Chegou convite pra concentração pré-carnaval na casa de amigos, prédio ao lado do meu, primeiro andar, o bloco se reúne embaixo da janela deles, depois do almoço, perfeito, dá pra ficar de camarote, cumpro a meta e nem preciso descer, pra você ver como me esforço, até coloquei uma camiseta bem colorida dos Beatles, tá mais do que bom.

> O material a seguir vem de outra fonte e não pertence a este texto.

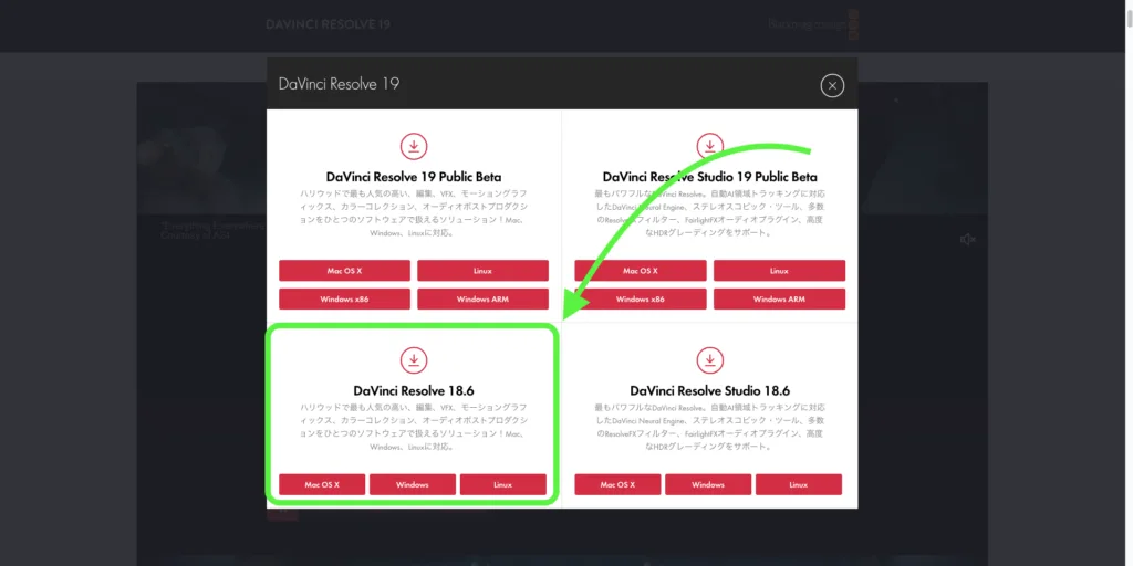 左下の「DaVinci Resolve 18.6」の「Windows」ボタンをクリックして下さい

Já dá pra ouvir a música na rua, vou levar duas garrafas grandes de cerveja, não, vou levar três, não quero beber muito, mas o pessoal pode animar e ninguém gosta quando falta bebida na festa, bom, vou levar logo quatro, na pior das hipóteses, se sobrar, fica pros donos da casa, ou então a gente bebe junto outro dia, quando o carnaval tiver passado.

E aí, tudo bem, cheguei tarde?, aqui, cinco cervejas, põe no congelador, se eu quero purpurina e máscara?, vai, purpurina, mas máscara não rola, tá bom, vou guardar no bolso pra uma ocasião, se ela chegar, mas não acredito muito nisso, ei, e aquela cachacinha em cima da mesa, posso provar?, é da boa, desce esquentando, agora preciso de uma gelada, pra esfriar a garganta.

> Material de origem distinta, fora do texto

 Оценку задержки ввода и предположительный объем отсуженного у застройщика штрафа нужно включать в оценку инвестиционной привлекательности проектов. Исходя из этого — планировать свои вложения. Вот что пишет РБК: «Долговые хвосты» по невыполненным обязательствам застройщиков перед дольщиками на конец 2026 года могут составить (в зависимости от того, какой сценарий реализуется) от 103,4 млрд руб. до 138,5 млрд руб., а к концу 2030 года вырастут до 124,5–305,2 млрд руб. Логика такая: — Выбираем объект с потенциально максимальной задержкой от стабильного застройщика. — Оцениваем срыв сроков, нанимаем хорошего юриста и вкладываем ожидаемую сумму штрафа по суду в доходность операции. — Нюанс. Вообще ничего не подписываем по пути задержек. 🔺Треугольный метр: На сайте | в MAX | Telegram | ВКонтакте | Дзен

O bloco também esquentou, dá pra ouvir como se estivesse dentro do apartamento, vou dar uma espiada da janela, quanta gente!, todo mundo fantasiado, olha aquele homem aranha, coberto da cabeça aos pés, deve estar derretendo, mais esperto e menos criativo é o nadador, só de sunga, touca e óculos, sete, oito, nove mulheres maravilha, dez, não, onze, sei lá quantas, esses músicos são bons, hein?, ó ali o Zé Luís e o Pedro com sua eterna clarineta, ei, Zé, não ouve, claro, mas me viu, se eu vou descer?, acho que não, aqui tá bom, a enfermeira acha que eu faço mímica pra ela e vira a esquina dando tchauzinho.

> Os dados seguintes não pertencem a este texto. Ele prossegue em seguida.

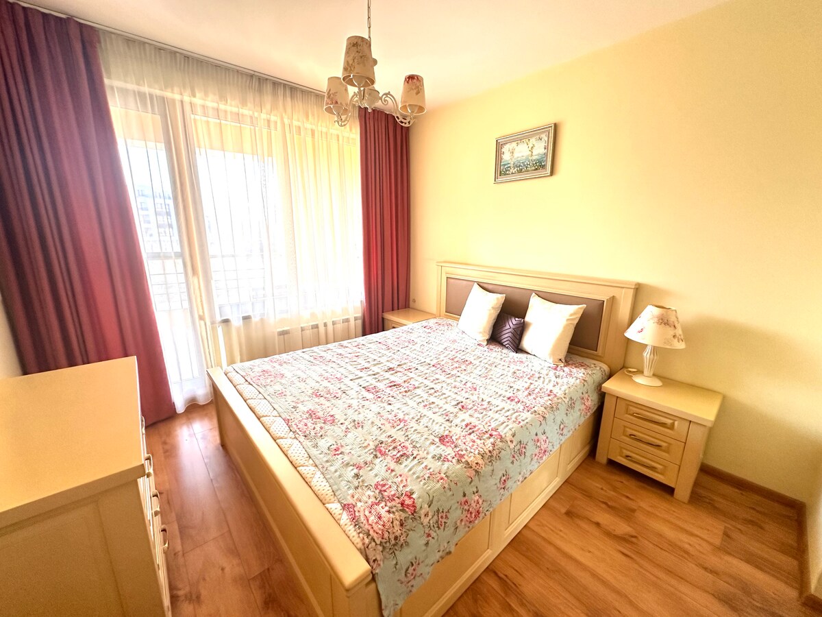 Modern apartment in a gated complex near the Inter Expo Center, only 10 min taxi from airport and 20 min metro to Bulgarian parliament. In close proximity are the Inter Expo Center, a number of shops and offices in the field of services and communications. Consists of: • Entrance hall • Living room with sleeping area • Kitchen • Bedroom 1 • Bedroom 2 • Bathroom with toilet • Balcony with access from both bedrooms • 24/7 security, video surveillance, access control,

A campainha toca, a porta se abre e entram dez pessoas, de onde elas saíram, quem são, e o que é esse Cordão das Mulheres Rycas?, e esse cara vestido de segurança, que figura, a sineta soa de novo, outra dezena de rycas adentra, o segurança controla a passagem do grupo, mais cinco minutos e a terceira onda chega, dessa vez já é o segurança que abre a porta e diz pra irem se acomodando, o banheiro é à esquerda e a cozinha fica no fim do corredor.

Uma filial do bloco se apropria do apartamento, tiro a máscara do bolso e a visto, segurando o copo de cerveja entre os dentes, tenho a impressão de que ninguém conhece mais ninguém, viro outra cachaça, e em meio a aperto, suor, lantejoula, fumaça, serpentina e quem é você, adivinha se gosta de mim?, o carnaval chega e arrebata a todos como uma força da natureza, arrastando de forma impiedosa rycas, anônimos, piratas, bailarinas, bêbados, crianças, palhaços, roqueiros, toda a gente para a rua, porque a vida é curta e o carnaval mais ainda.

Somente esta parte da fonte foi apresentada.